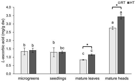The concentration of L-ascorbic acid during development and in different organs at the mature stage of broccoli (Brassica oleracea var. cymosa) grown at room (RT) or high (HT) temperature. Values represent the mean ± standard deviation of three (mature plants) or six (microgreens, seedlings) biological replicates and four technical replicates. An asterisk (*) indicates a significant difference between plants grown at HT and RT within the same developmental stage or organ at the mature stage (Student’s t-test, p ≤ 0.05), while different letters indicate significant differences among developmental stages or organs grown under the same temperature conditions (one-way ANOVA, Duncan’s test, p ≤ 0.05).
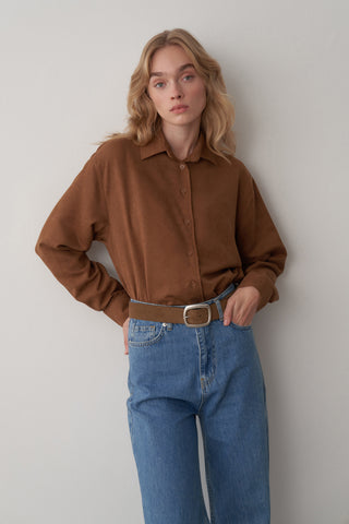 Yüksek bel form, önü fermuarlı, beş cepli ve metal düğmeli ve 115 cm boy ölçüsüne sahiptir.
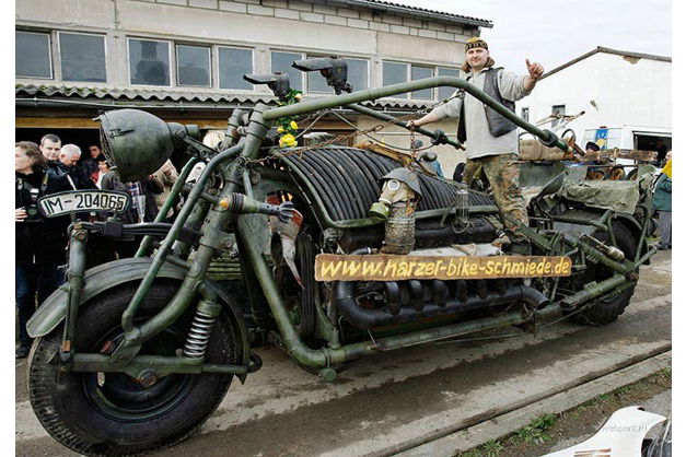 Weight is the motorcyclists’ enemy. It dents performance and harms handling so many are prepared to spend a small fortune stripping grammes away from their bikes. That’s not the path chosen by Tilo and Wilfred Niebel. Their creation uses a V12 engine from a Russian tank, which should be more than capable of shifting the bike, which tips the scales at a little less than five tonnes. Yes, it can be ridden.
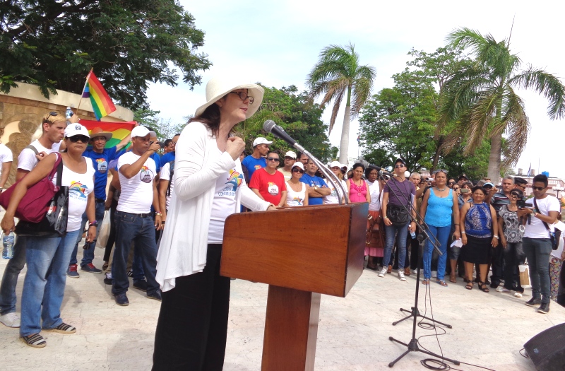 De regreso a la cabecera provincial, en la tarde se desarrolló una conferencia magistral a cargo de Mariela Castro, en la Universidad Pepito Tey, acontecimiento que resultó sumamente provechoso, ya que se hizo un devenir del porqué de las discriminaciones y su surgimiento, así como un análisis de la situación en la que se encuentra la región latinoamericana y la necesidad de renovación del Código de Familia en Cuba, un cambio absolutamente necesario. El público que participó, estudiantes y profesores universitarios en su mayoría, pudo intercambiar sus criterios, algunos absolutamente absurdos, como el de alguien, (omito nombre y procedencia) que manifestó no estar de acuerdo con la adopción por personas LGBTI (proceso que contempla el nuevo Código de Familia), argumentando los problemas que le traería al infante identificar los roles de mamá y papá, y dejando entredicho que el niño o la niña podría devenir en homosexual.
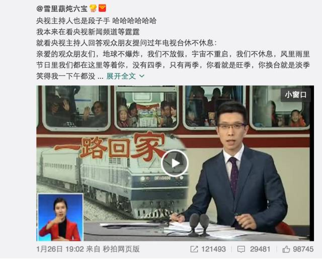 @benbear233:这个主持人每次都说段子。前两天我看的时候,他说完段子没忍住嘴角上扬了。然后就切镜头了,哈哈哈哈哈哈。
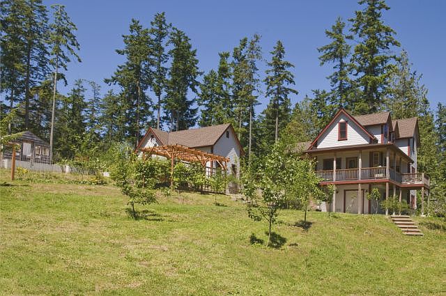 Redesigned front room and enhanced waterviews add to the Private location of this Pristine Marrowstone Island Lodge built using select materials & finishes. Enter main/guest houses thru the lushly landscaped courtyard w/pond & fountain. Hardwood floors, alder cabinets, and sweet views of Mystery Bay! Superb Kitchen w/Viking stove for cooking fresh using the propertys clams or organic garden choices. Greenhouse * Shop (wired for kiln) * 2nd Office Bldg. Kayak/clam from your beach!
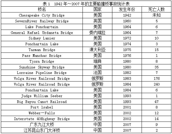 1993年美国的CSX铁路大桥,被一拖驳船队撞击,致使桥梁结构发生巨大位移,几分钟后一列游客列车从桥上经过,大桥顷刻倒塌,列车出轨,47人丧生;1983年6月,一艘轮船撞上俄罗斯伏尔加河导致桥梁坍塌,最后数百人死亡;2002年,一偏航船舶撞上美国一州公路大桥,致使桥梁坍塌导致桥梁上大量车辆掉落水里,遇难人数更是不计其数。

--

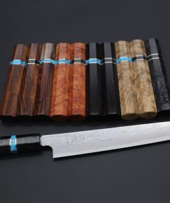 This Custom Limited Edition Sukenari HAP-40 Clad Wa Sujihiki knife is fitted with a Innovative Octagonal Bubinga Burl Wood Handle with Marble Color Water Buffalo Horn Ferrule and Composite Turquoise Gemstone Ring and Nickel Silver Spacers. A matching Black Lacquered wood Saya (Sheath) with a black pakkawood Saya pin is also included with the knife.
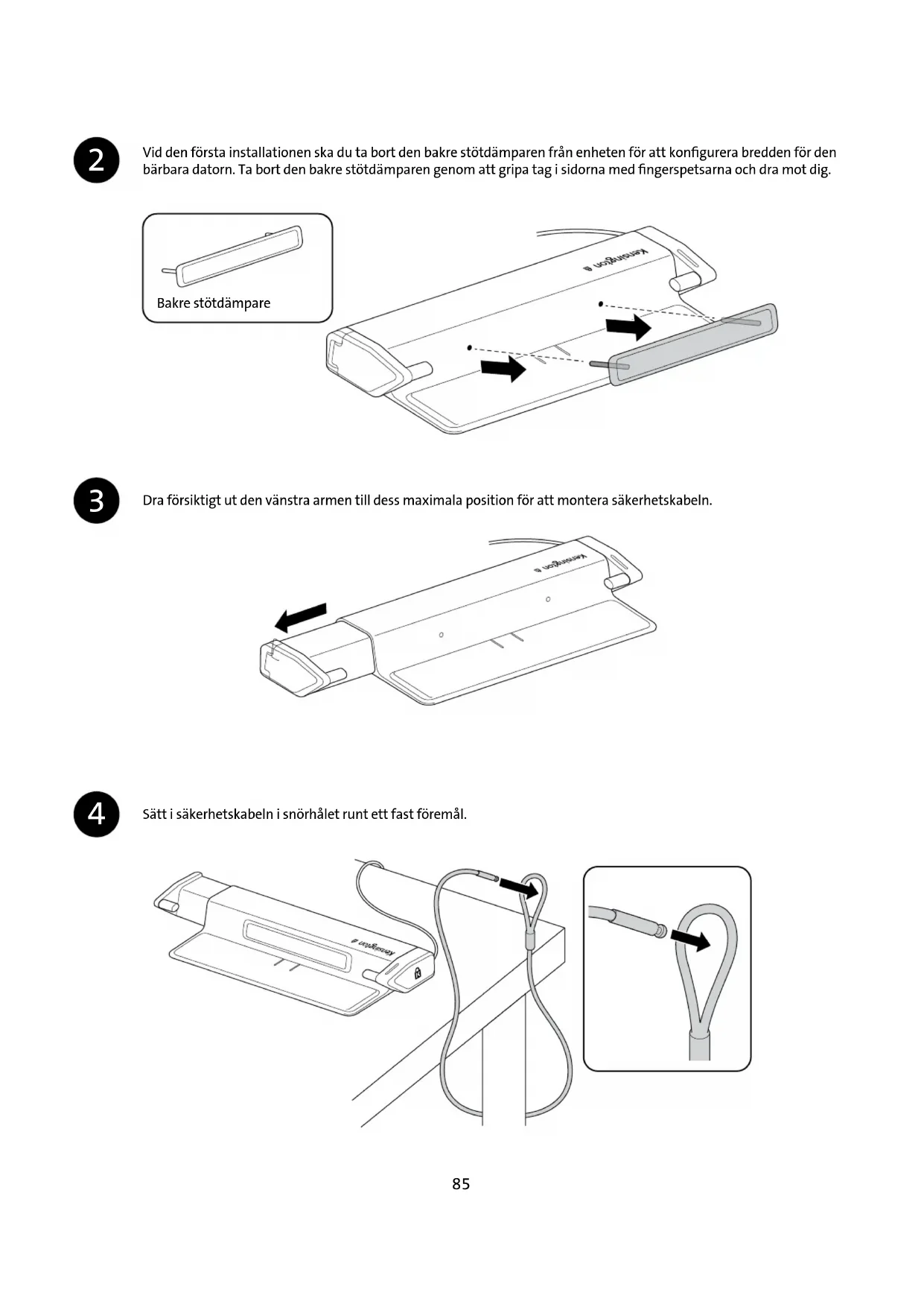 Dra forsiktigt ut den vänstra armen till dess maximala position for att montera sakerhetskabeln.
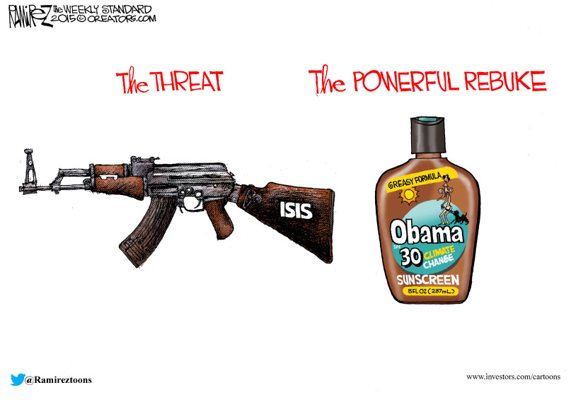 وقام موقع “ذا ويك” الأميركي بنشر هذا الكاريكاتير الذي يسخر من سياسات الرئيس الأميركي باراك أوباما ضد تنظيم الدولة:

### Action item
Copy only these lines from the records above, exactly: the one with "Yüksek bel form, önü", the one with "Weight is the", and those between. Skip the pictures.

### Result of this exercise
 Yüksek bel form, önü fermuarlı, beş cepli ve metal düğmeli ve 115 cm boy ölçüsüne sahiptir.
 Weight is the motorcyclists’ enemy. It dents performance and harms handling so many are prepared to spend a small fortune stripping grammes away from their bikes. That’s not the path chosen by Tilo and Wilfred Niebel. Their creation uses a V12 engine from a Russian tank, which should be more than capable of shifting the bike, which tips the scales at a little less than five tonnes. Yes, it can be ridden.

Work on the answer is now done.